Activity ▸ The reply should contain the full listing exactly as written and no pictures at all.

Supplied records ▸

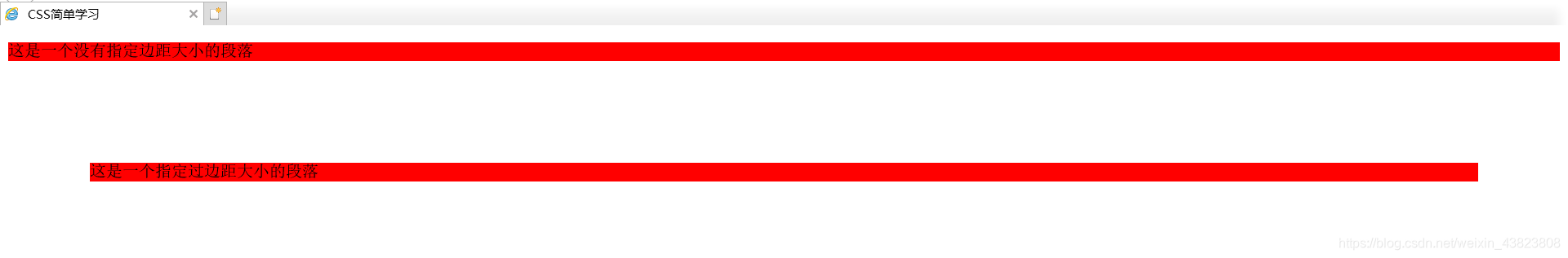 <!DOCTYPE html> <html lang="en"> <head> <meta charset="utf-8" /> <title>CSS简单学习</title> <style type="text/css"> p.nomargin { background-color: #FF0000 } p.margin { background-color: #FF0000; margin-top: 100px; margin-bottom: 100px; margin-left: 80px; margin-right: 80px; } </style> </head> <body> <p class="nomargin">这是一个没有指定边距大小的段落</p> <p class="margin">这是一个指定过边距大小的段落</p> </body> </html>
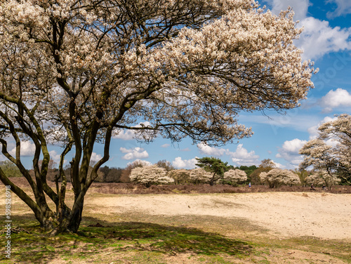 Juneberry trees, Amelanchier lamarkii, blooming in Zuiderheide nature reserve in Het Gooi, North Holland, Netherlands
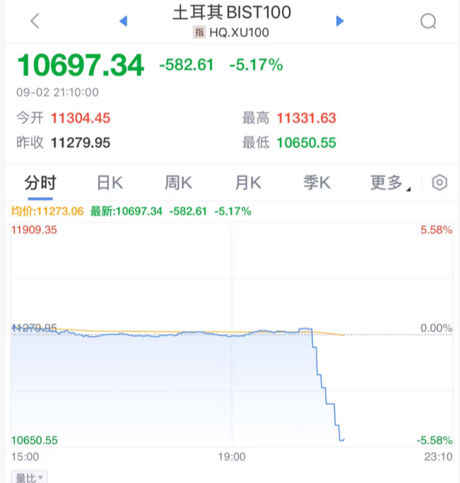 土耳其股市暴跌5%。此前土耳其法院解除主要反对党伊斯坦布尔领导人职务。
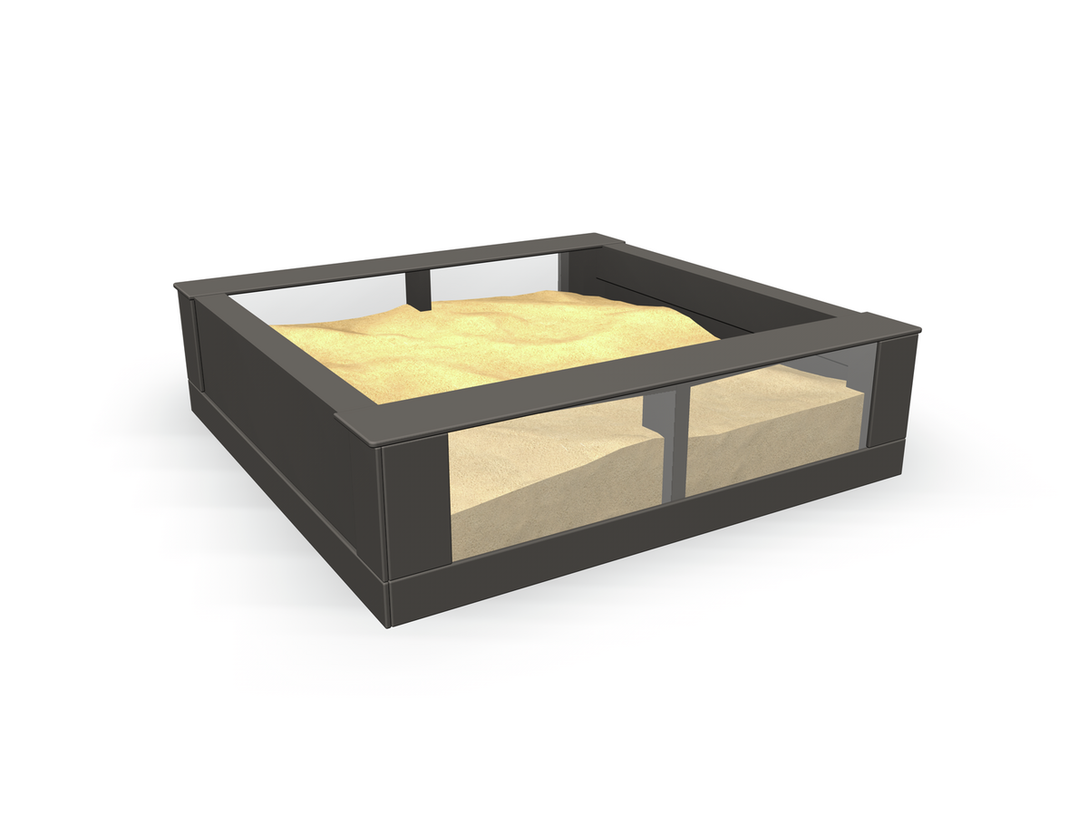 The walls of the Halo sandbox are mainly laminate, which is durable and does not require maintenance. The transparent walls are made of UV-protected, weatherproof polycarbonate. An additional benefit of the material is its high impact resistance.
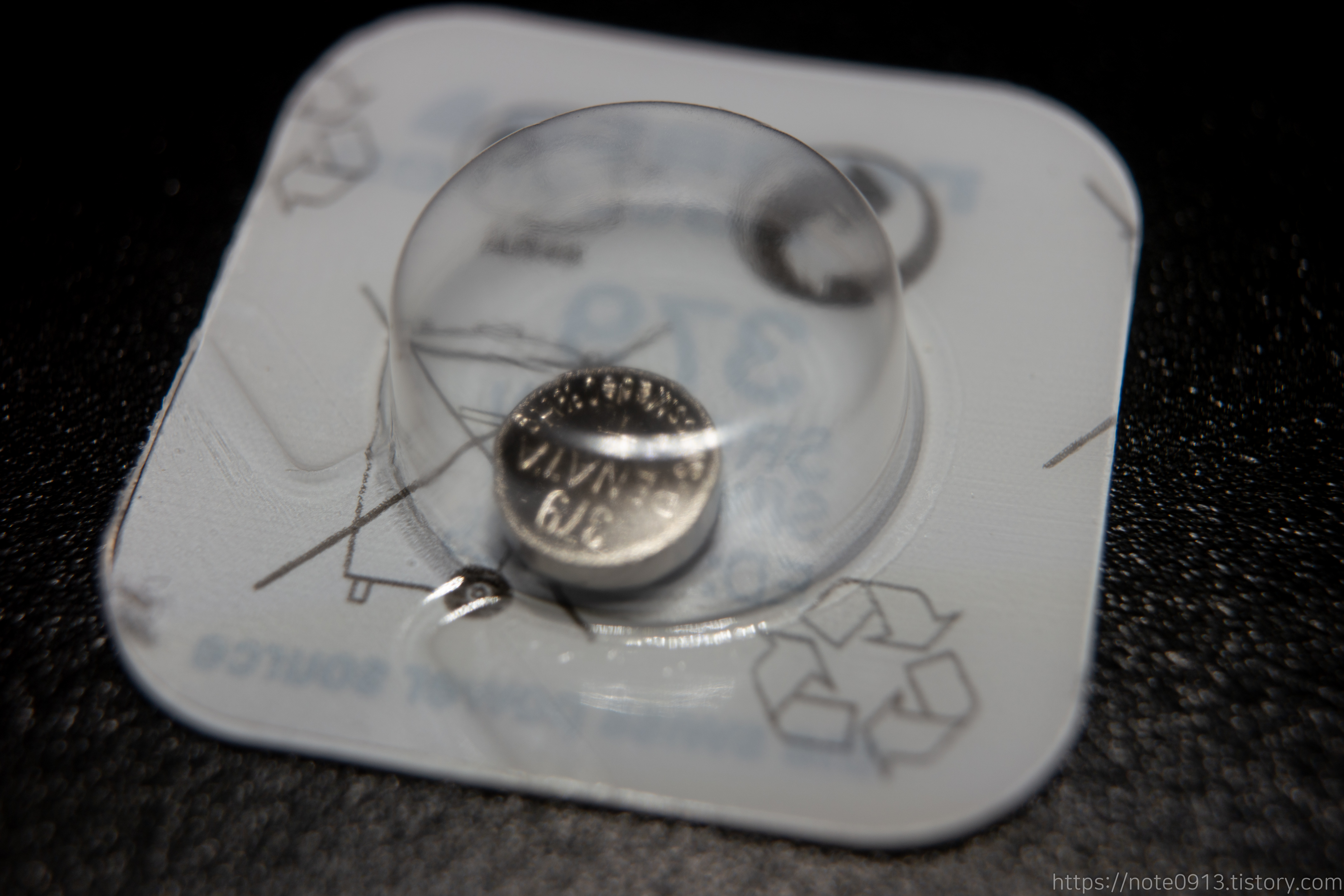 원래 들어있던 소니 건전지를 제거하고 새로운 레나타 건전지를 넣어 줍니다.
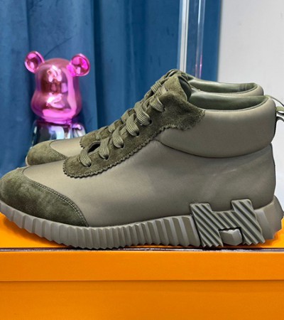 • [홍콩명품.Hermes] 에르메스 23SS 로고 Eclair 남성 가죽 하이탑 스니커즈 (카키), SE2220, 홍콩명품쇼핑몰,무브타임,악세사리,잡화,생활용품
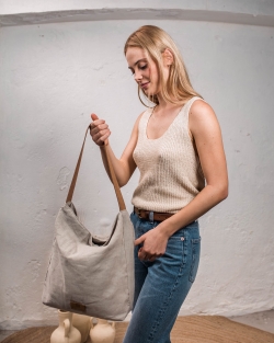 Hobo de lli, nanses de pell i butxaques externes i internes. Tancament amb cremallera i folre de cot¢.
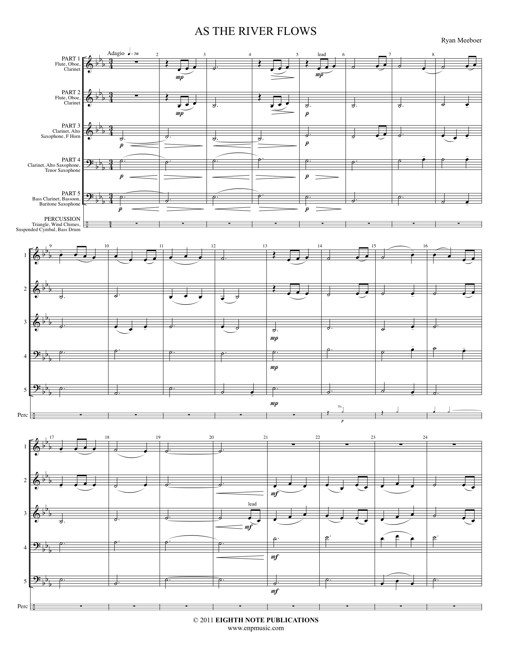 This lyrical piece is composed using ternary (ABA) form and gives every section an opportunity to shine. Filled with rich use of harmony and a flowing melody, As the River Flows is a great way to teach an ensemble expressive style.
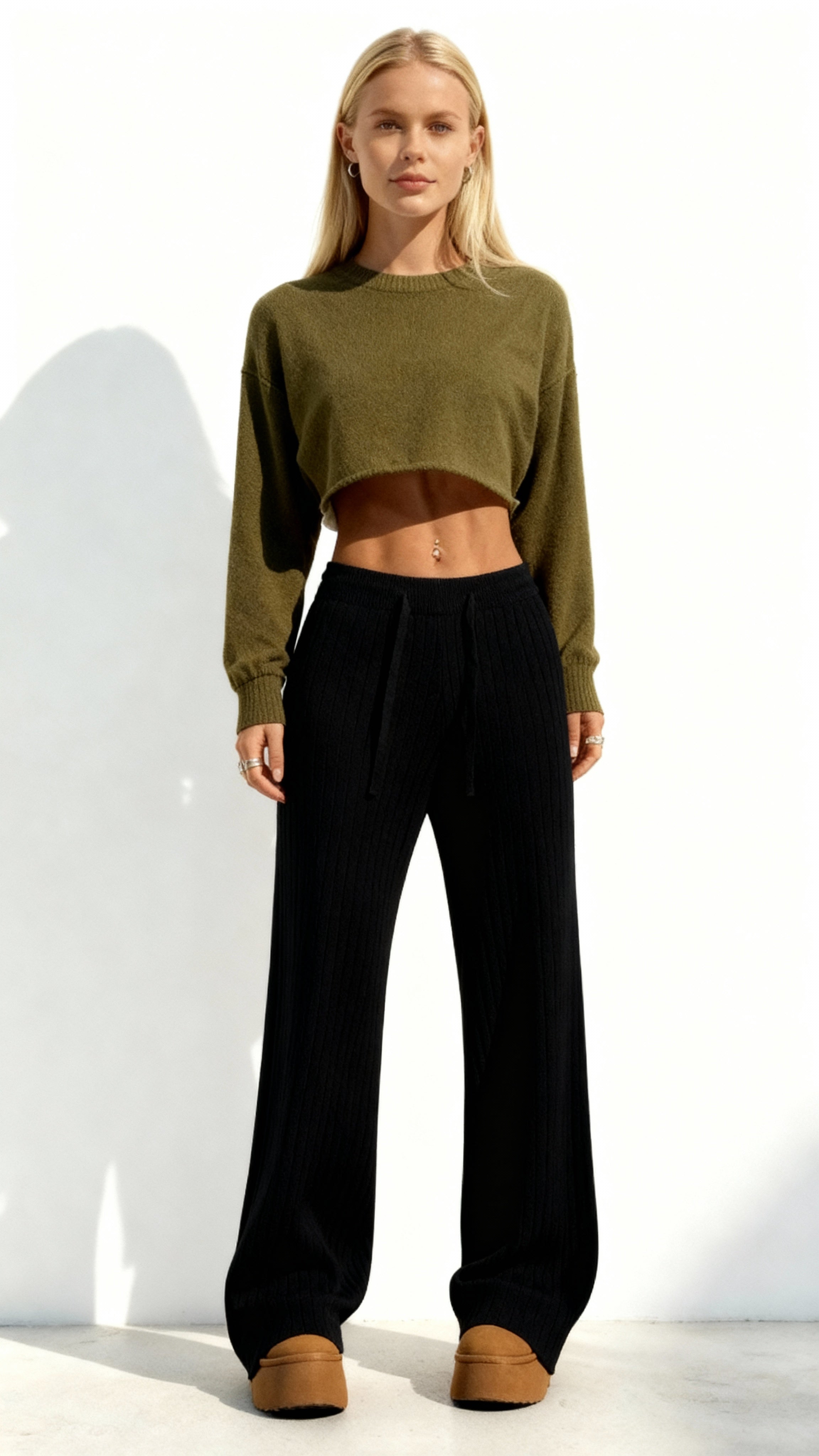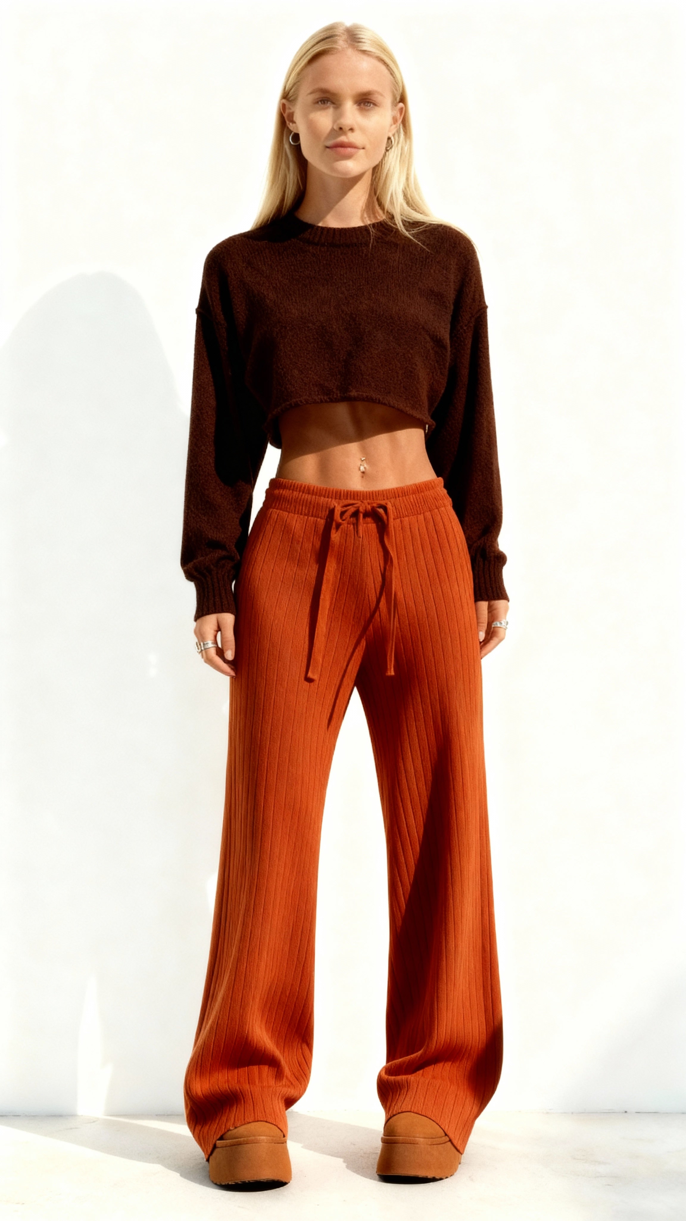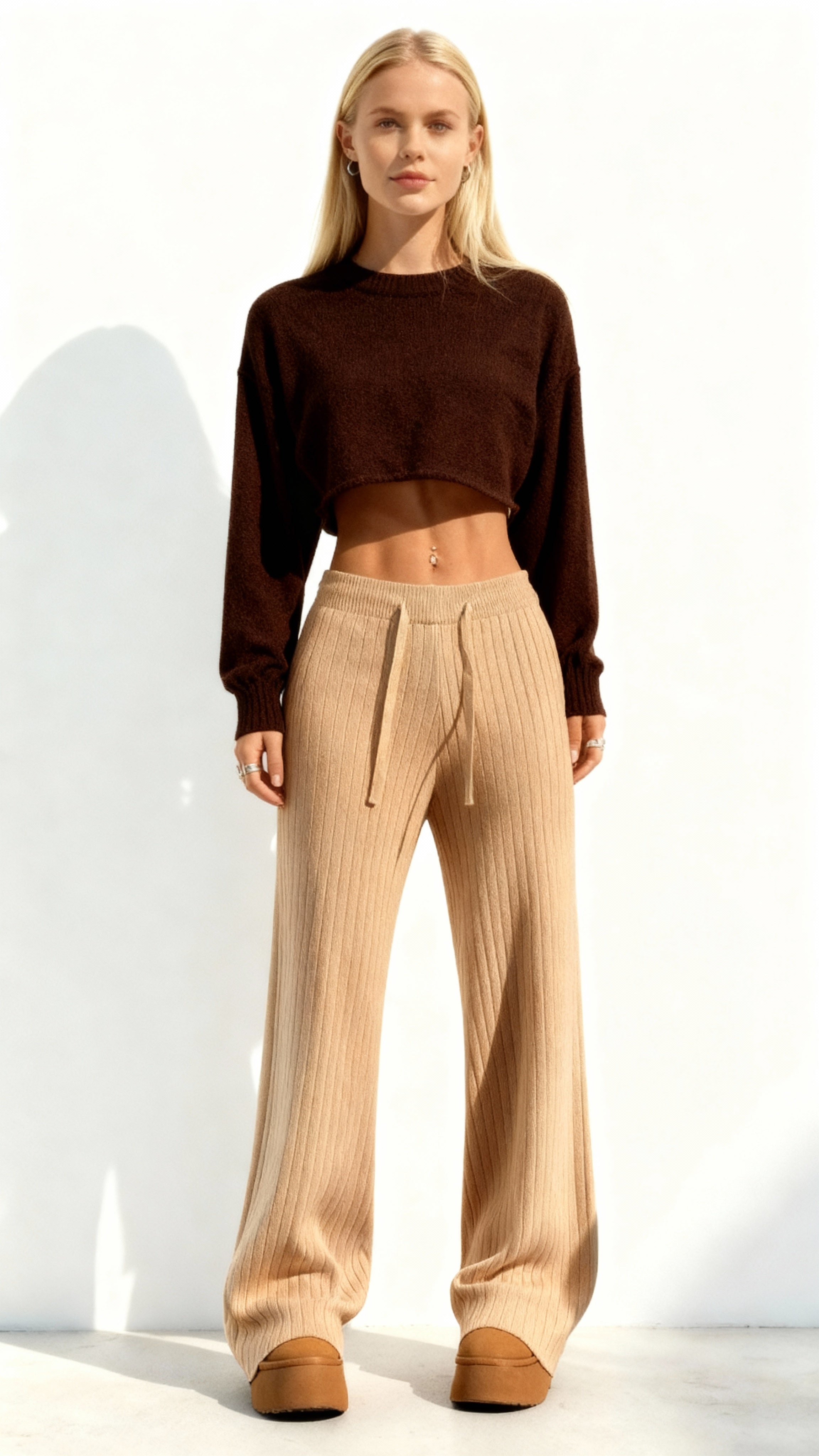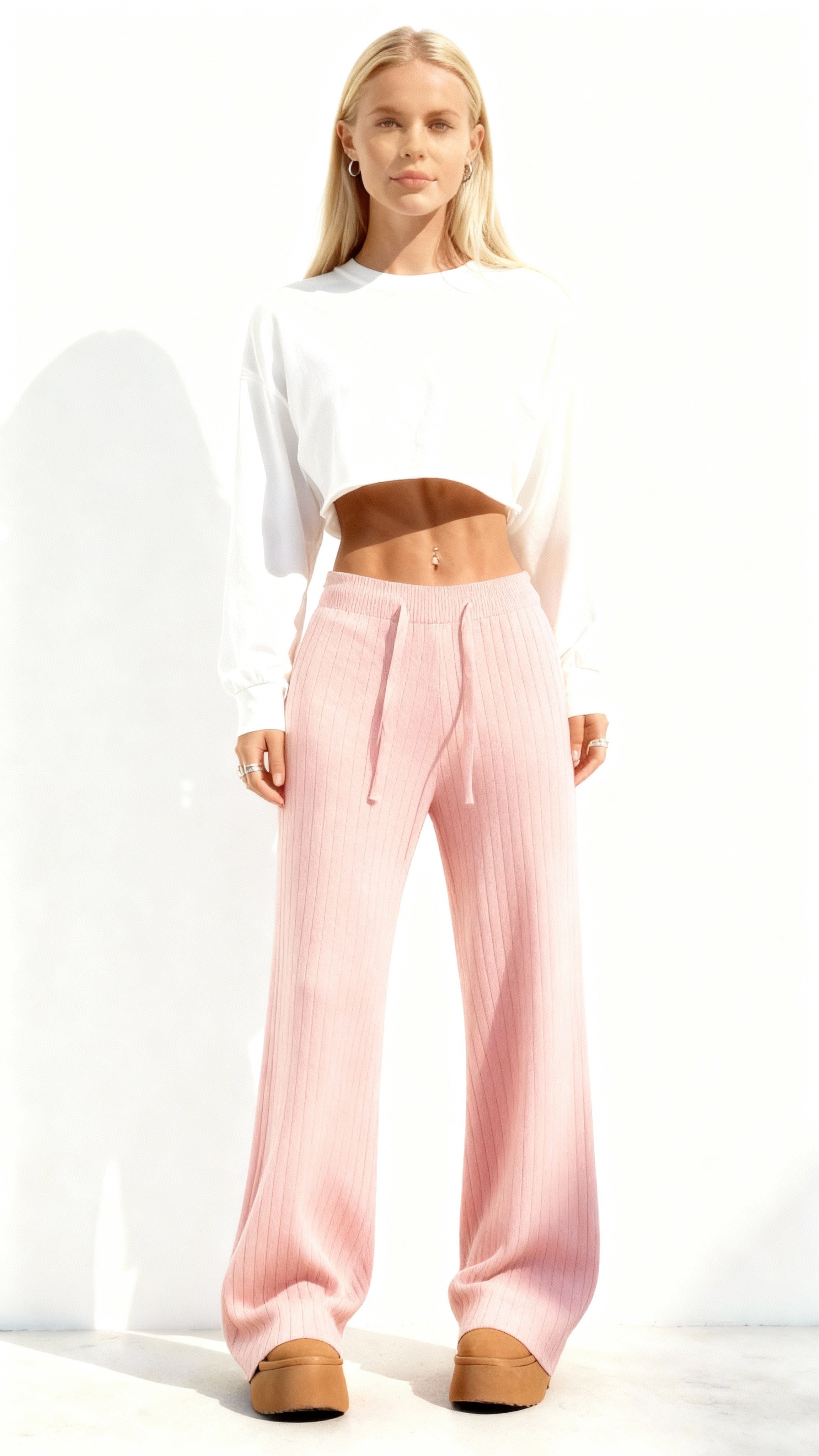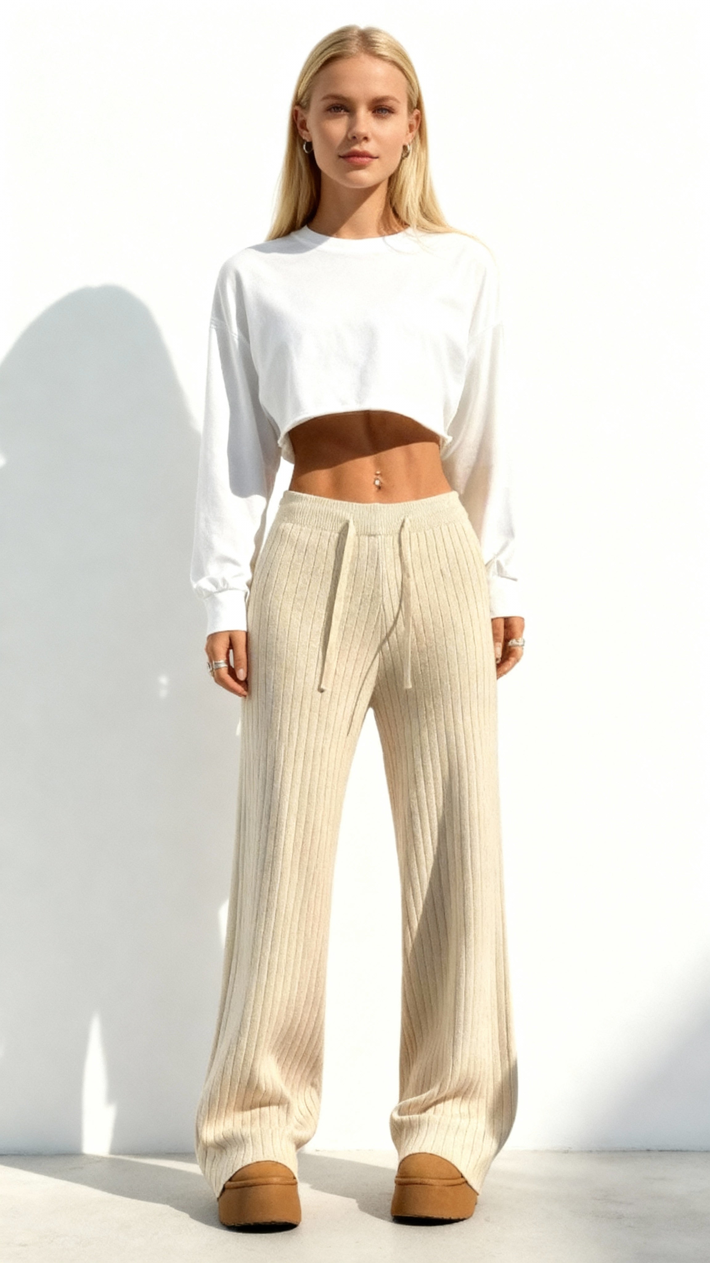 Aproveite o conforto e o estilo com as calças femininas de malha de cintura alta e pernas largas. Feitas com tecido elástico, se ajustam perfeitamente ao corpo e trazem mais liberdade de movimento. Ideal para looks elegantes e descontraídos.

Answer to this task ▸
 <!DOCTYPE html> <html lang="en"> <head> <meta charset="utf-8" /> <title>CSS简单学习</title> <style type="text/css"> p.nomargin { background-color: #FF0000 } p.margin { background-color: #FF0000; margin-top: 100px; margin-bottom: 100px; margin-left: 80px; margin-right: 80px; } </style> </head> <body> <p class="nomargin">这是一个没有指定边距大小的段落</p> <p class="margin">这是一个指定过边距大小的段落</p> </body> </html>
 Juneberry trees, Amelanchier lamarkii, blooming in Zuiderheide nature reserve in Het Gooi, North Holland, Netherlands
 土耳其股市暴跌5%。此前土耳其法院解除主要反对党伊斯坦布尔领导人职务。
 The walls of the Halo sandbox are mainly laminate, which is durable and does not require maintenance. The transparent walls are made of UV-protected, weatherproof polycarbonate. An additional benefit of the material is its high impact resistance.
 원래 들어있던 소니 건전지를 제거하고 새로운 레나타 건전지를 넣어 줍니다.
 • [홍콩명품.Hermes] 에르메스 23SS 로고 Eclair 남성 가죽 하이탑 스니커즈 (카키), SE2220, 홍콩명품쇼핑몰,무브타임,악세사리,잡화,생활용품
 Hobo de lli, nanses de pell i butxaques externes i internes. Tancament amb cremallera i folre de cot¢.
 This lyrical piece is composed using ternary (ABA) form and gives every section an opportunity to shine. Filled with rich use of harmony and a flowing melody, As the River Flows is a great way to teach an ensemble expressive style.
 Aproveite o conforto e o estilo com as calças femininas de malha de cintura alta e pernas largas. Feitas com tecido elástico, se ajustam perfeitamente ao corpo e trazem mais liberdade de movimento. Ideal para looks elegantes e descontraídos.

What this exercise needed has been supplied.